_Task instructions_
Please restate every record below word for word and skip the pictures.

_Records excerpted from a collection_
---

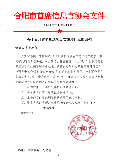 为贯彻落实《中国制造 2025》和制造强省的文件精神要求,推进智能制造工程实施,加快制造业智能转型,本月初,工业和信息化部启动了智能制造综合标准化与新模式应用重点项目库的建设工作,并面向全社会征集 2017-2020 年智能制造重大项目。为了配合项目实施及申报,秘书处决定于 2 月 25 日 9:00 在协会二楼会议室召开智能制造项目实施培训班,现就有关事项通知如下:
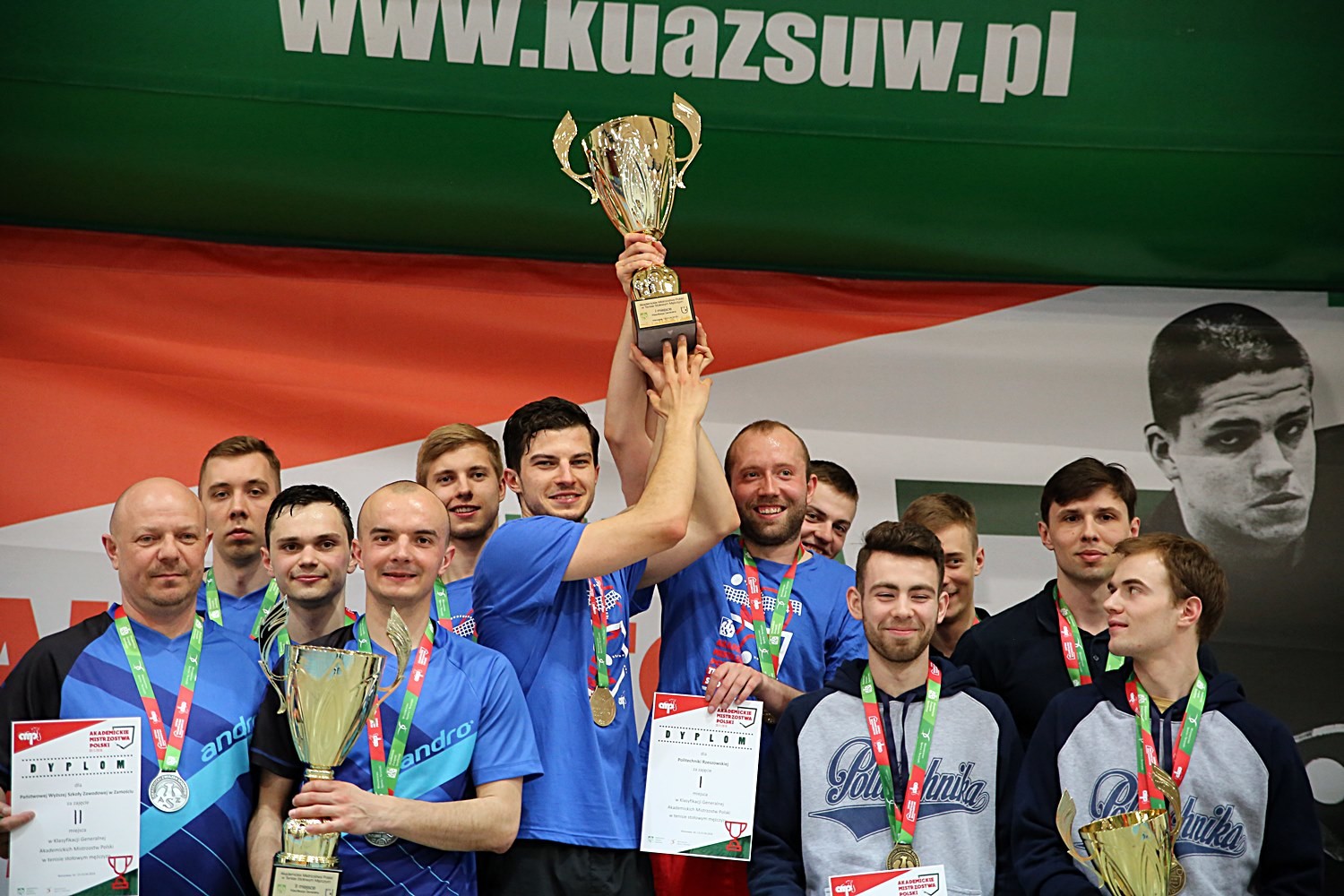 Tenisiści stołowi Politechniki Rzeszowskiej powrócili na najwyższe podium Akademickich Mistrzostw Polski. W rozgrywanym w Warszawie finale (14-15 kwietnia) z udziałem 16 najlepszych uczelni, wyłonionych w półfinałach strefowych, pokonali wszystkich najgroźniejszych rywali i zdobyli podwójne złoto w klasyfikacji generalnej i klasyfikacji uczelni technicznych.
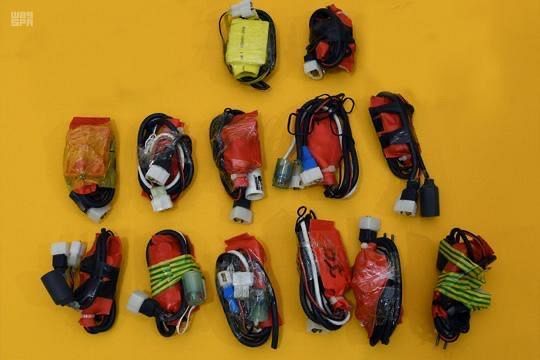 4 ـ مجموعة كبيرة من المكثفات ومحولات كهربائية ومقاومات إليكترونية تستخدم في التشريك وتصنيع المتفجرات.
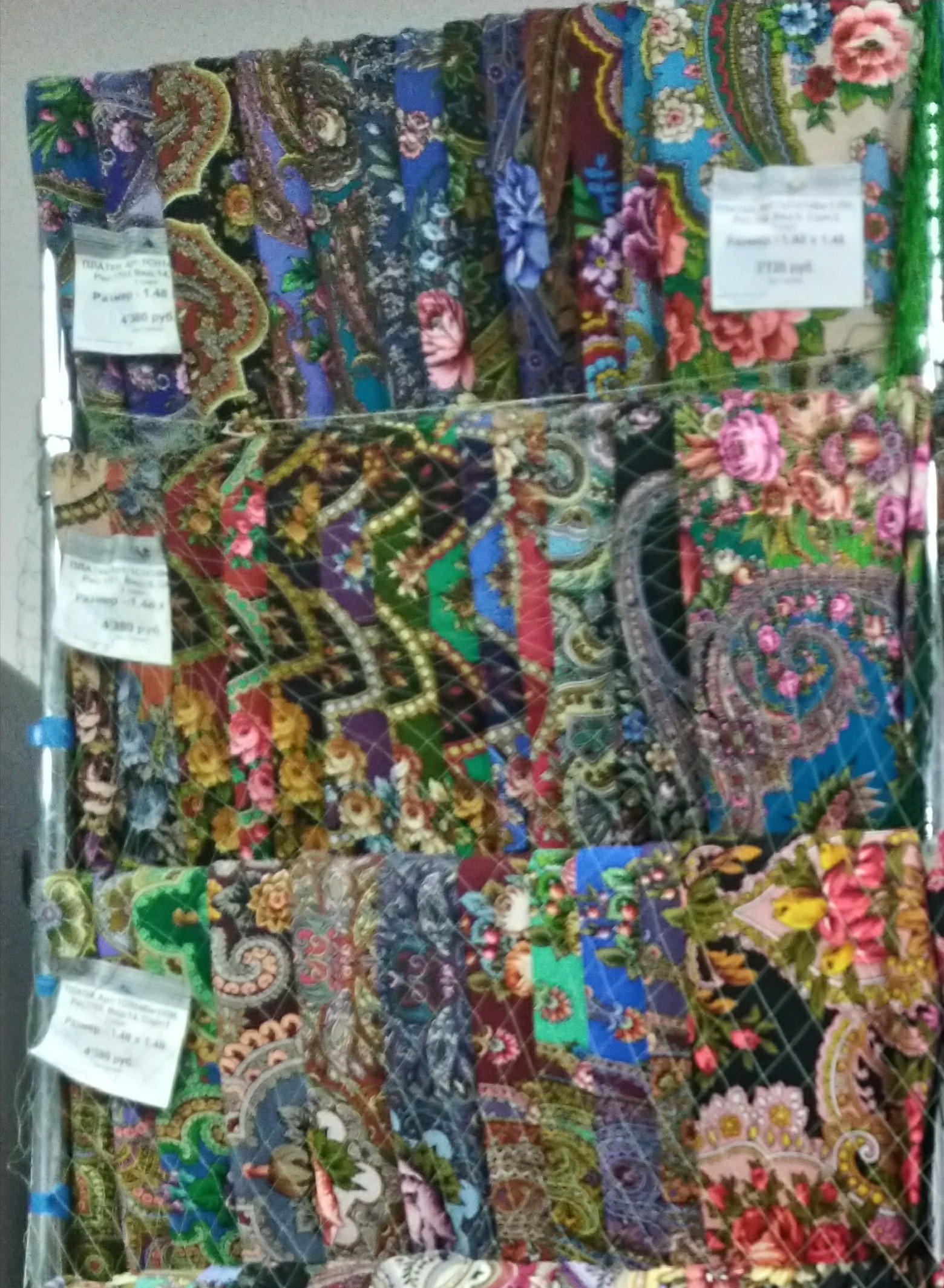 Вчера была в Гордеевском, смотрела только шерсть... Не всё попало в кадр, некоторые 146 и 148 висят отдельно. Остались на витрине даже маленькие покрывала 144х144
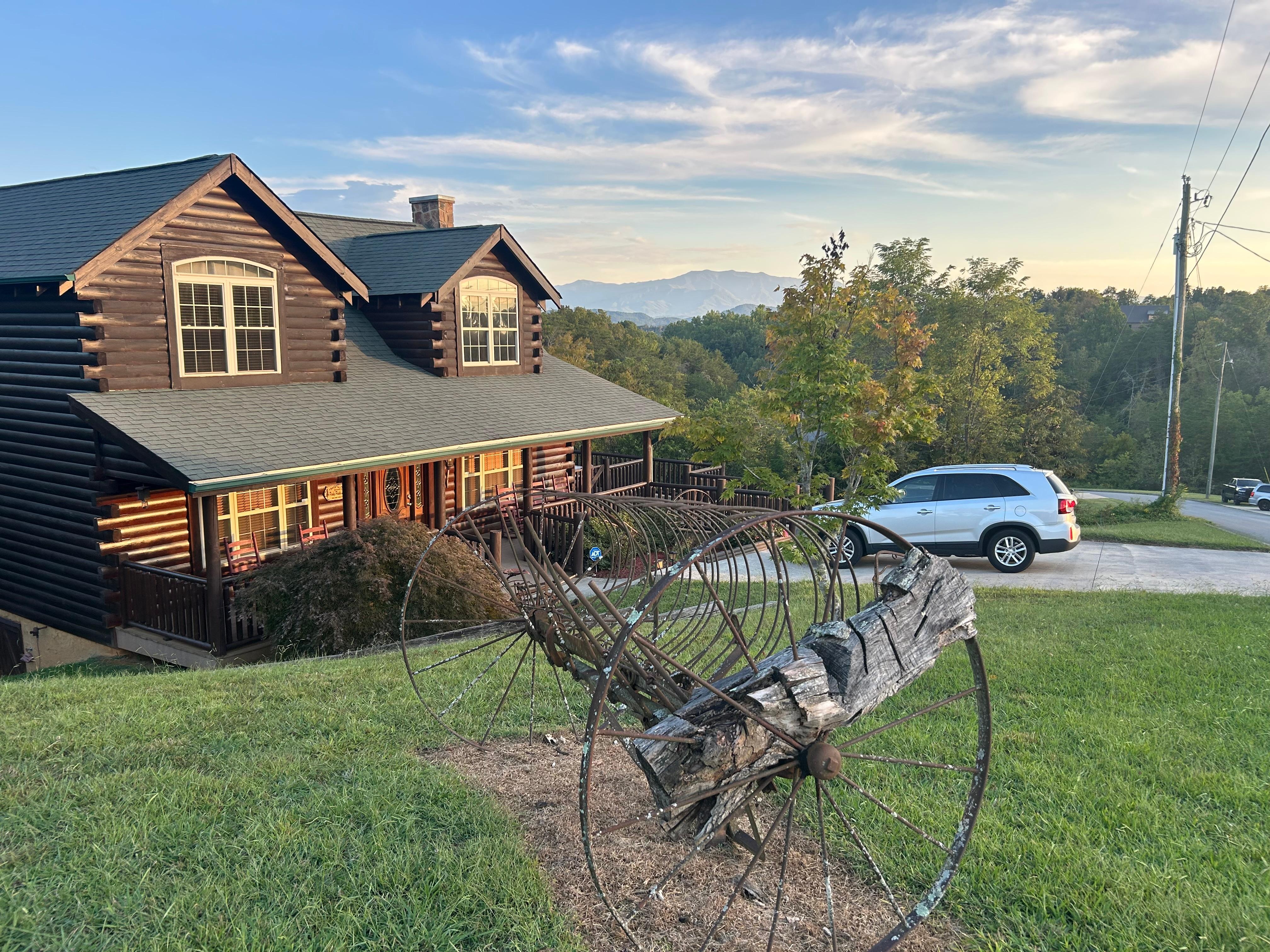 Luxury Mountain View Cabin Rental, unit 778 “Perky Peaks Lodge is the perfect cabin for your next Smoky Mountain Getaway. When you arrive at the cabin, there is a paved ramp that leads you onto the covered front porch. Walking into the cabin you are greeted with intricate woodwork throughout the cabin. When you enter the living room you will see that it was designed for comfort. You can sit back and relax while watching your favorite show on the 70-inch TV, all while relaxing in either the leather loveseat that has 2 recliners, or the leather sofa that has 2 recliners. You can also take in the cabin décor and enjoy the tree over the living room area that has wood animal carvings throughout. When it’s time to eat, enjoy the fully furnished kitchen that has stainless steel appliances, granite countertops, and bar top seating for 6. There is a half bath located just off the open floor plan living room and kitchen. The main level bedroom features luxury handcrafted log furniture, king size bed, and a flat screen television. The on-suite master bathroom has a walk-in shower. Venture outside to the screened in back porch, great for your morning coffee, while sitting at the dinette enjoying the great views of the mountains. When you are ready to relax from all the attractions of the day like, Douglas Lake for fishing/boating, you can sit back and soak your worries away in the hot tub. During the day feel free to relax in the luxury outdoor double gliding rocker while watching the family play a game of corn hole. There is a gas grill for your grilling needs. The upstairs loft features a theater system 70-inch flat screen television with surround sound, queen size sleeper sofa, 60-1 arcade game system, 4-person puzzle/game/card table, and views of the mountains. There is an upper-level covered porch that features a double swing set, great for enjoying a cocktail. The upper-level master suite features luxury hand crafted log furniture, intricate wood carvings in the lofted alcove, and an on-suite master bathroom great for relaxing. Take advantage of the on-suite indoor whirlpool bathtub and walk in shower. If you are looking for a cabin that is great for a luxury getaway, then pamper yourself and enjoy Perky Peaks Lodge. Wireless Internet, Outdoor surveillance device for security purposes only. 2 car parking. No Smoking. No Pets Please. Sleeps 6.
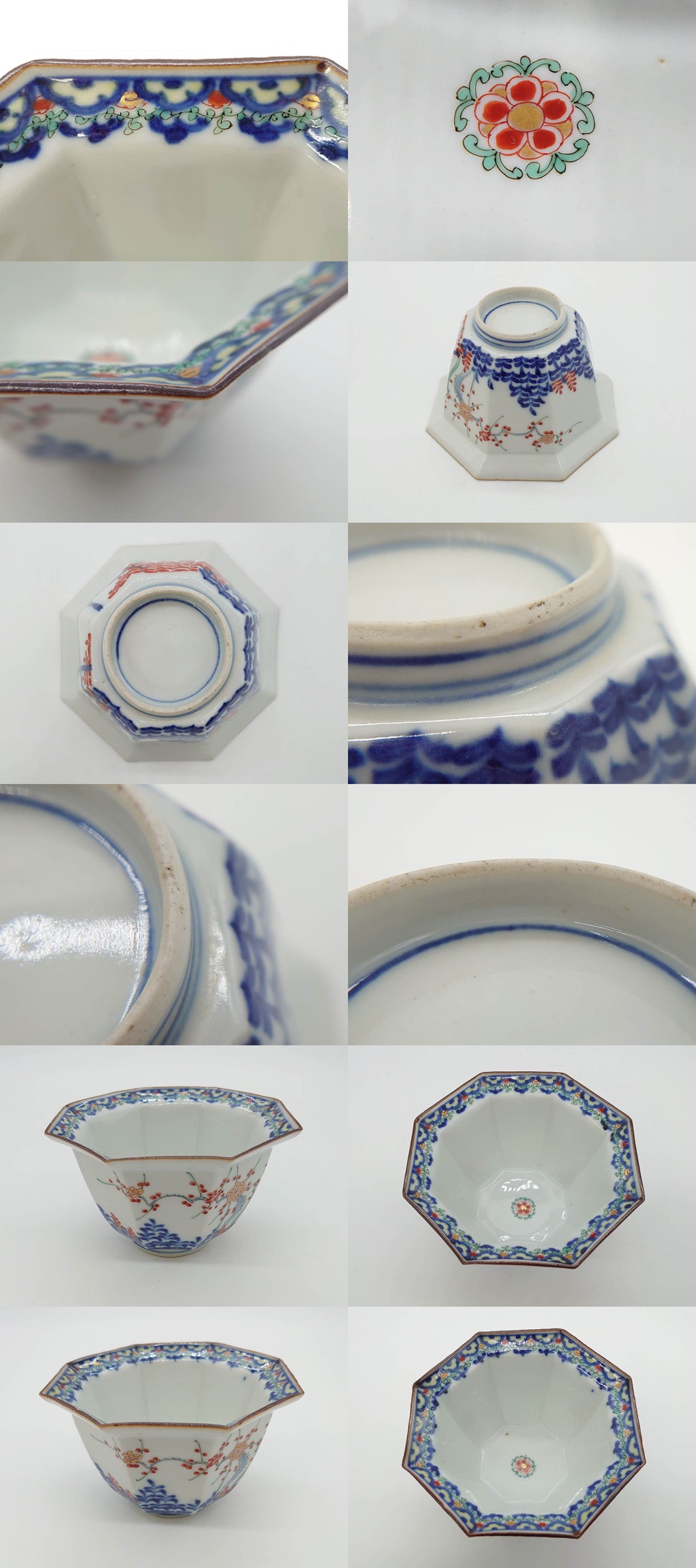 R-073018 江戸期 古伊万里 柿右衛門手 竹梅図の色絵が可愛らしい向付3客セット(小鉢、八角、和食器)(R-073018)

---

_Result for this exercise_
 为贯彻落实《中国制造 2025》和制造强省的文件精神要求,推进智能制造工程实施,加快制造业智能转型,本月初,工业和信息化部启动了智能制造综合标准化与新模式应用重点项目库的建设工作,并面向全社会征集 2017-2020 年智能制造重大项目。为了配合项目实施及申报,秘书处决定于 2 月 25 日 9:00 在协会二楼会议室召开智能制造项目实施培训班,现就有关事项通知如下:
 Tenisiści stołowi Politechniki Rzeszowskiej powrócili na najwyższe podium Akademickich Mistrzostw Polski. W rozgrywanym w Warszawie finale (14-15 kwietnia) z udziałem 16 najlepszych uczelni, wyłonionych w półfinałach strefowych, pokonali wszystkich najgroźniejszych rywali i zdobyli podwójne złoto w klasyfikacji generalnej i klasyfikacji uczelni technicznych.
 4 ـ مجموعة كبيرة من المكثفات ومحولات كهربائية ومقاومات إليكترونية تستخدم في التشريك وتصنيع المتفجرات.
 Вчера была в Гордеевском, смотрела только шерсть... Не всё попало в кадр, некоторые 146 и 148 висят отдельно. Остались на витрине даже маленькие покрывала 144х144
 Luxury Mountain View Cabin Rental, unit 778 “Perky Peaks Lodge is the perfect cabin for your next Smoky Mountain Getaway. When you arrive at the cabin, there is a paved ramp that leads you onto the covered front porch. Walking into the cabin you are greeted with intricate woodwork throughout the cabin. When you enter the living room you will see that it was designed for comfort. You can sit back and relax while watching your favorite show on the 70-inch TV, all while relaxing in either the leather loveseat that has 2 recliners, or the leather sofa that has 2 recliners. You can also take in the cabin décor and enjoy the tree over the living room area that has wood animal carvings throughout. When it’s time to eat, enjoy the fully furnished kitchen that has stainless steel appliances, granite countertops, and bar top seating for 6. There is a half bath located just off the open floor plan living room and kitchen. The main level bedroom features luxury handcrafted log furniture, king size bed, and a flat screen television. The on-suite master bathroom has a walk-in shower. Venture outside to the screened in back porch, great for your morning coffee, while sitting at the dinette enjoying the great views of the mountains. When you are ready to relax from all the attractions of the day like, Douglas Lake for fishing/boating, you can sit back and soak your worries away in the hot tub. During the day feel free to relax in the luxury outdoor double gliding rocker while watching the family play a game of corn hole. There is a gas grill for your grilling needs. The upstairs loft features a theater system 70-inch flat screen television with surround sound, queen size sleeper sofa, 60-1 arcade game system, 4-person puzzle/game/card table, and views of the mountains. There is an upper-level covered porch that features a double swing set, great for enjoying a cocktail. The upper-level master suite features luxury hand crafted log furniture, intricate wood carvings in the lofted alcove, and an on-suite master bathroom great for relaxing. Take advantage of the on-suite indoor whirlpool bathtub and walk in shower. If you are looking for a cabin that is great for a luxury getaway, then pamper yourself and enjoy Perky Peaks Lodge. Wireless Internet, Outdoor surveillance device for security purposes only. 2 car parking. No Smoking. No Pets Please. Sleeps 6.
 R-073018 江戸期 古伊万里 柿右衛門手 竹梅図の色絵が可愛らしい向付3客セット(小鉢、八角、和食器)(R-073018)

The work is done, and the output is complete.